START Data for the task
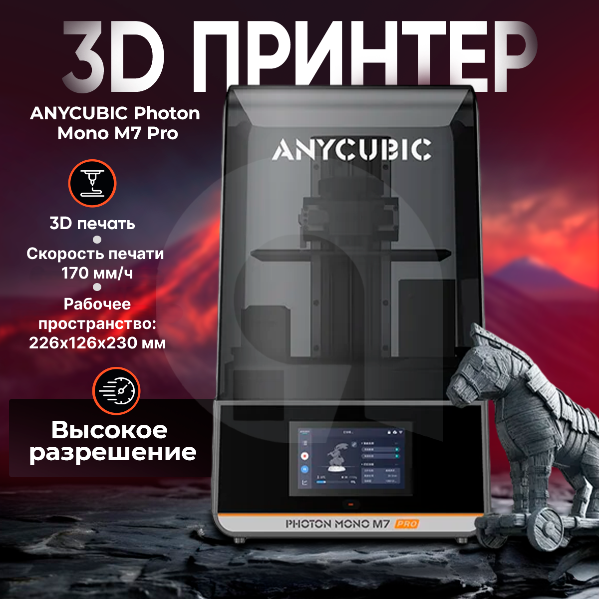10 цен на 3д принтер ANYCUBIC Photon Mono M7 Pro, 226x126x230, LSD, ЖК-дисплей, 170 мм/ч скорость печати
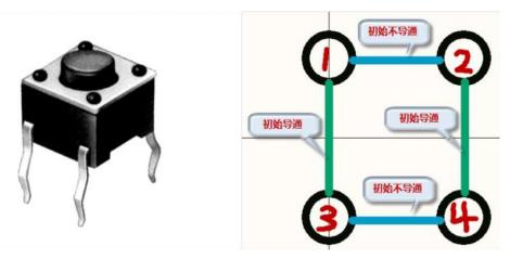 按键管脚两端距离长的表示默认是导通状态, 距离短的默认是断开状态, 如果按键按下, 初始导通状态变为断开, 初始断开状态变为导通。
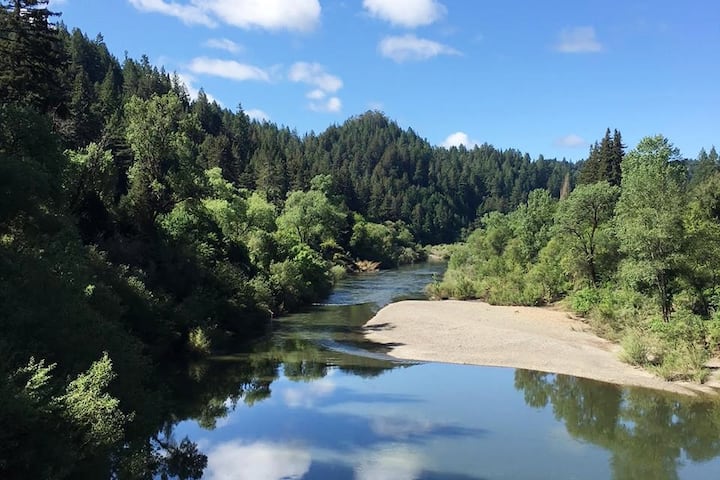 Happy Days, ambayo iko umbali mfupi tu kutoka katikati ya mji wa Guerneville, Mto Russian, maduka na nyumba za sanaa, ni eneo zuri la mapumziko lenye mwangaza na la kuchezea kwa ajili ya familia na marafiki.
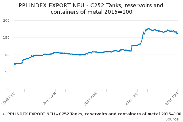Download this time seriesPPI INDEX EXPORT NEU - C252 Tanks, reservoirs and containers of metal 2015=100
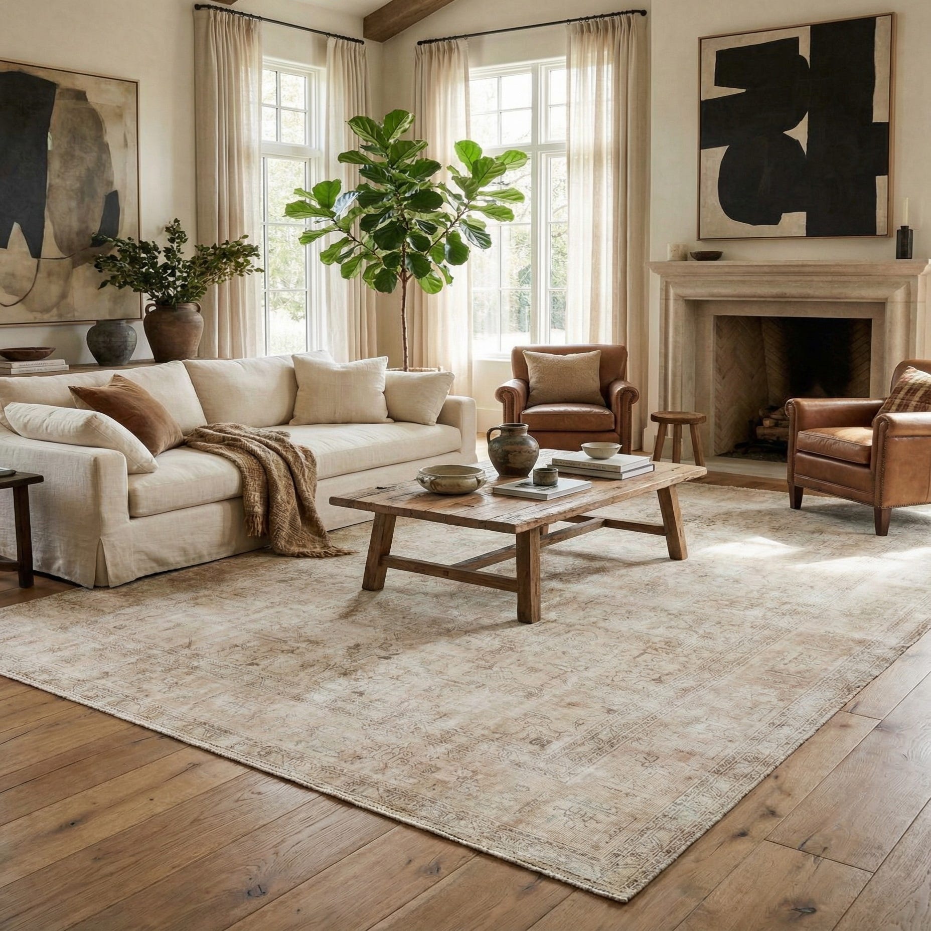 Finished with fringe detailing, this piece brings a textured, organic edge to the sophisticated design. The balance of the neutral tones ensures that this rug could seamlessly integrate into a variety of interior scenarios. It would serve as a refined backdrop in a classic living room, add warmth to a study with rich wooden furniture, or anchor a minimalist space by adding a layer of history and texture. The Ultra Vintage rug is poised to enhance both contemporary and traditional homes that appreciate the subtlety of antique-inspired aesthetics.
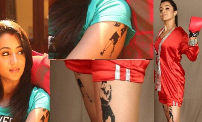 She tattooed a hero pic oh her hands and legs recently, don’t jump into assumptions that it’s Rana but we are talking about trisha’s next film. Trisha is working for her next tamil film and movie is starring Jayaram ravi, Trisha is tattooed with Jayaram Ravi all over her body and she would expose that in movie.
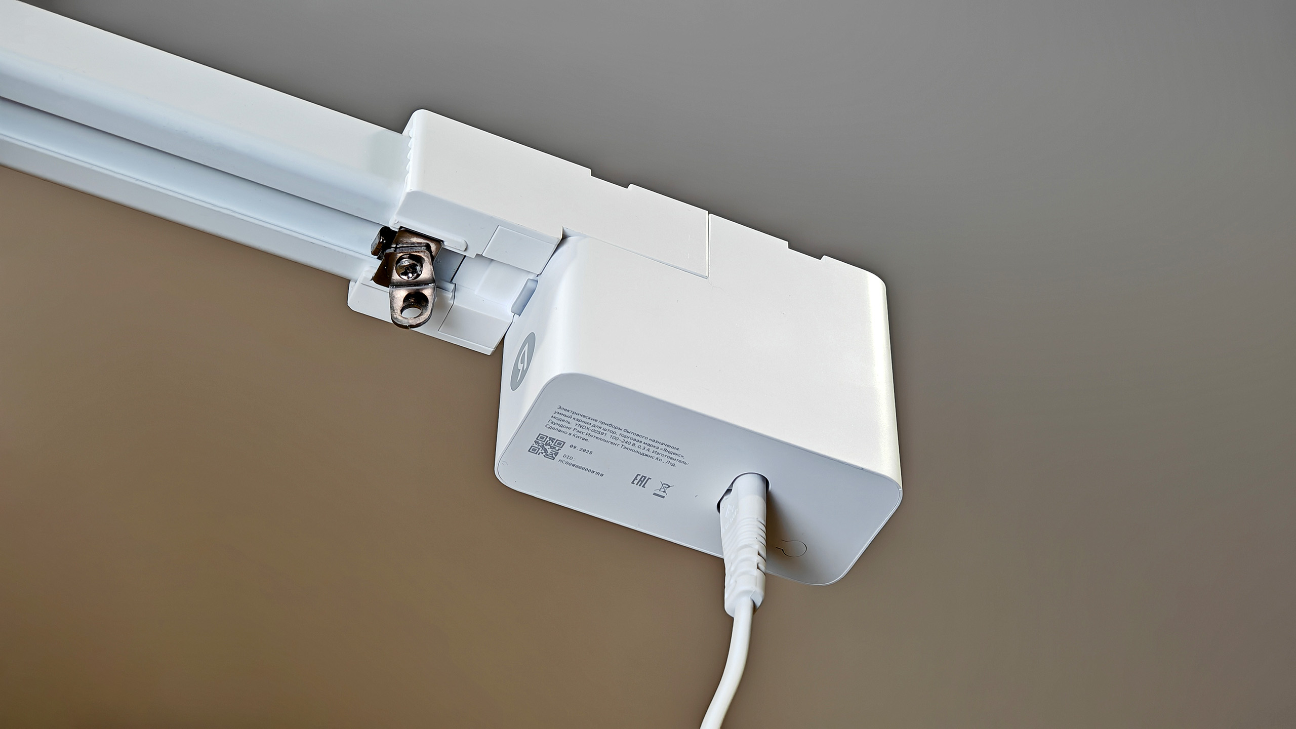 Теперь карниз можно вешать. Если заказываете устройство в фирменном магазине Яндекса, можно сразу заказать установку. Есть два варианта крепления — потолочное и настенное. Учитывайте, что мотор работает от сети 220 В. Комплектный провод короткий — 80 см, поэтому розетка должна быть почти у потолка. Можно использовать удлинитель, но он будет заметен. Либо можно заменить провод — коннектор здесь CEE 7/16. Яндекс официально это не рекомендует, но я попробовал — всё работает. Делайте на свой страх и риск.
END Data for the task
→ **What is required**: Please copy the records above word for word, leaving out every picture.

→ **Answer to the exercise**:
10 цен на 3д принтер ANYCUBIC Photon Mono M7 Pro, 226x126x230, LSD, ЖК-дисплей, 170 мм/ч скорость печати
 按键管脚两端距离长的表示默认是导通状态, 距离短的默认是断开状态, 如果按键按下, 初始导通状态变为断开, 初始断开状态变为导通。
 Happy Days, ambayo iko umbali mfupi tu kutoka katikati ya mji wa Guerneville, Mto Russian, maduka na nyumba za sanaa, ni eneo zuri la mapumziko lenye mwangaza na la kuchezea kwa ajili ya familia na marafiki.
Download this time seriesPPI INDEX EXPORT NEU - C252 Tanks, reservoirs and containers of metal 2015=100
 Finished with fringe detailing, this piece brings a textured, organic edge to the sophisticated design. The balance of the neutral tones ensures that this rug could seamlessly integrate into a variety of interior scenarios. It would serve as a refined backdrop in a classic living room, add warmth to a study with rich wooden furniture, or anchor a minimalist space by adding a layer of history and texture. The Ultra Vintage rug is poised to enhance both contemporary and traditional homes that appreciate the subtlety of antique-inspired aesthetics.
 She tattooed a hero pic oh her hands and legs recently, don’t jump into assumptions that it’s Rana but we are talking about trisha’s next film. Trisha is working for her next tamil film and movie is starring Jayaram ravi, Trisha is tattooed with Jayaram Ravi all over her body and she would expose that in movie.
 Теперь карниз можно вешать. Если заказываете устройство в фирменном магазине Яндекса, можно сразу заказать установку. Есть два варианта крепления — потолочное и настенное. Учитывайте, что мотор работает от сети 220 В. Комплектный провод короткий — 80 см, поэтому розетка должна быть почти у потолка. Можно использовать удлинитель, но он будет заметен. Либо можно заменить провод — коннектор здесь CEE 7/16. Яндекс официально это не рекомендует, но я попробовал — всё работает. Делайте на свой страх и риск.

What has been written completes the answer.